Cara Black (born November 14, 1951) is a bestselling American mystery writer. She is best known for her Aimée Leduc mystery novels featuring a female Paris-based private investigator. Black is included in the Great Women Mystery Writers by Elizabeth Lindsay 2nd edition. Her first novel Murder in the Marais was nominated for an Anthony Award for best first novel and the third novel in the series, Murder in the Sentier, was Anthony-nominated for Best Novel.

Biography
Black was born in Chicago, Illinois on November 14, 1951. She was educated at Cañada College in California, Sophia University in Yotsuya, Tokyo in Japan, and finished her schooling at San Francisco State University where she earned a bachelor's and master's degrees in education. 

She did not base her popular detective Aimée Leduc on a real person. "I knew I couldn’t write as a French woman, I can’t even tie my scarf the right way," she says, "but I grew up in a Francophile family; my father loved good food and wine, I attended a Catholic school with French nuns and I lived in Europe when I was younger. I interviewed three female detectives in Paris who ran their own detective agency and took qualities from each. It was important to me that Aimée be a young, contemporary woman like the Parisian women I know, have a strong fashion sense and be fierce in her pursuit of justice. The justice that eludes people sometimes in daily life. And that she know much more about computers than I do." 

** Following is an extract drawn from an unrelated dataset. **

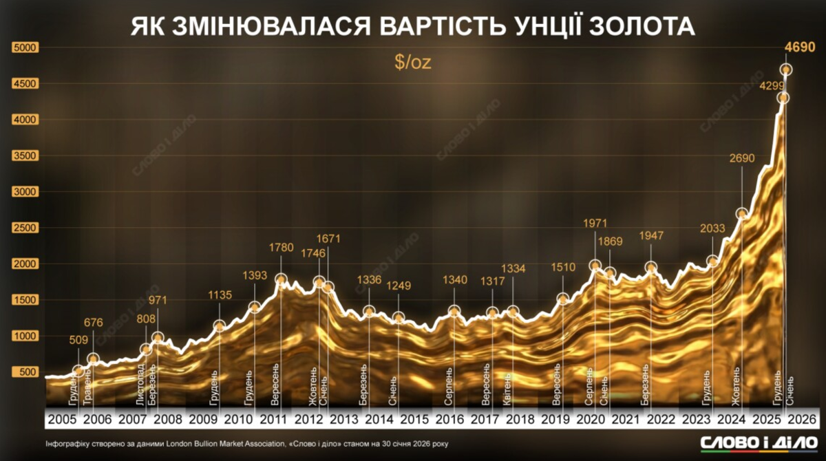 Ціни на золото цього місяця б'ють історичні рекорди. Останній зафіксували напередодні – 5 538 доларів за унцію, що є новим історичним максимумом. В цілому за два десятки років золото виросло у ціні в 11 разів. Як змінювалася середньомісячна вартість золота з 2005 по 2026 рік – на інфографіці.

Nor did she intend to write a series. "I’d like to say I had a master plan but the series with Aimée Leduc has just evolved. "In Murder in the Marais, my first book, I just wanted to tell the story of my friend’s mother, a young Jewish girl who hid in the Marais during the German Occupation of Paris in WWII. My friend’s mother was 14 years old and came home from school one day to find her family gone. She stayed in the apartment, went to school, hoping they would return. A year later, in 1944 at Liberation, she searched for them at the train stations, at the Hotel Lutetia on the Left Bank where the Red Cross had a terminus center for returning deportees and she found they’d gone to Auschwitz. My friend told me this story one day in the Marais and it touched me. Years later when I returned to Paris in the mid 1990s the story came back to me and I wanted to explore these issues of the past, lingering anti-Semitism and how war still touched every generation. 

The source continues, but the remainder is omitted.